ПЕКИН. Вскоре после того как Совет Федеральной резервной системы Соединенных Штатов объявил о втором раунде «количественного послабления» (известного как QE2), Народный банк Китая (НБК), китайский центральный банк, объявил о двух увеличениях на 0,5 процентных пунктов требуемой нормы резервного покрытия (ТНРП) банковских депозитов. Сегодня ТНРП составляет 18,5%, ‑ исторический максимум, даже в глобальном масштабе.

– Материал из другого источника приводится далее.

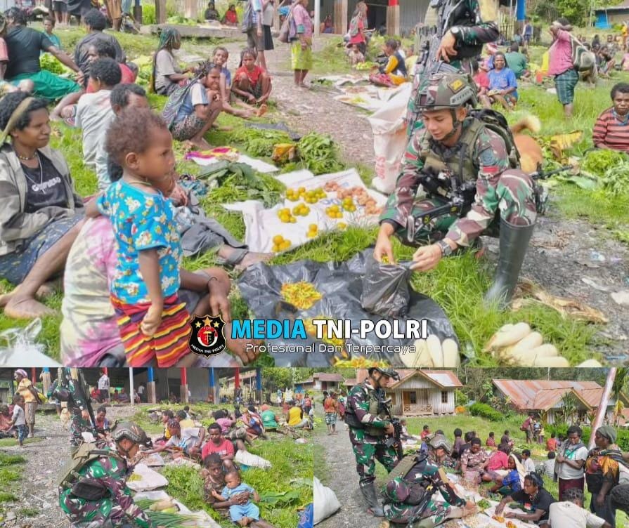 Oleh karenanya, hari Senin tersebut, para Prajurit TNI memanfaatkan patroli pengamanan wilayah dengan membantu perekonomian warga yang berjualan hasil tani.

В то время как ФРС планирует накачать деньгами экономику США, НБК пытается уменьшить количество денег в обращении в Китае. Деньги, используемые коммерческими банками для удовлетворения ТНРП, которые хранятся на счетах НБК, больше не могут использоваться для расширения кредитных линий. В результате в настоящее время в Китае заморожено или неактивно больше денег, чем когда-либо.

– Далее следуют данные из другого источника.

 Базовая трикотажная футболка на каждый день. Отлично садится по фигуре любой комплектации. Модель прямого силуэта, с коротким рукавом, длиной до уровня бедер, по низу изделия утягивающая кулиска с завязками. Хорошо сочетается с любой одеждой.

Понятно, что ФРС хочет повысить спрос, пока американская экономика остается в подавленном состоянии. Но почему НБК так сильно ужесточил денежно-кредитную политику? Китайская экономика не перегревается. Рост по-прежнему высок, около 10% в год, но он начал замедляться. И в то время как инфляция вызывает некоторую озабоченность ‑ поднявшись до 4,4% в годовом исчислении в октябре с 3,6% в сентябре ‑ это не может объяснить, почему НБК поднимал в начале этого года ТНРП три раза, когда инфляция была ниже.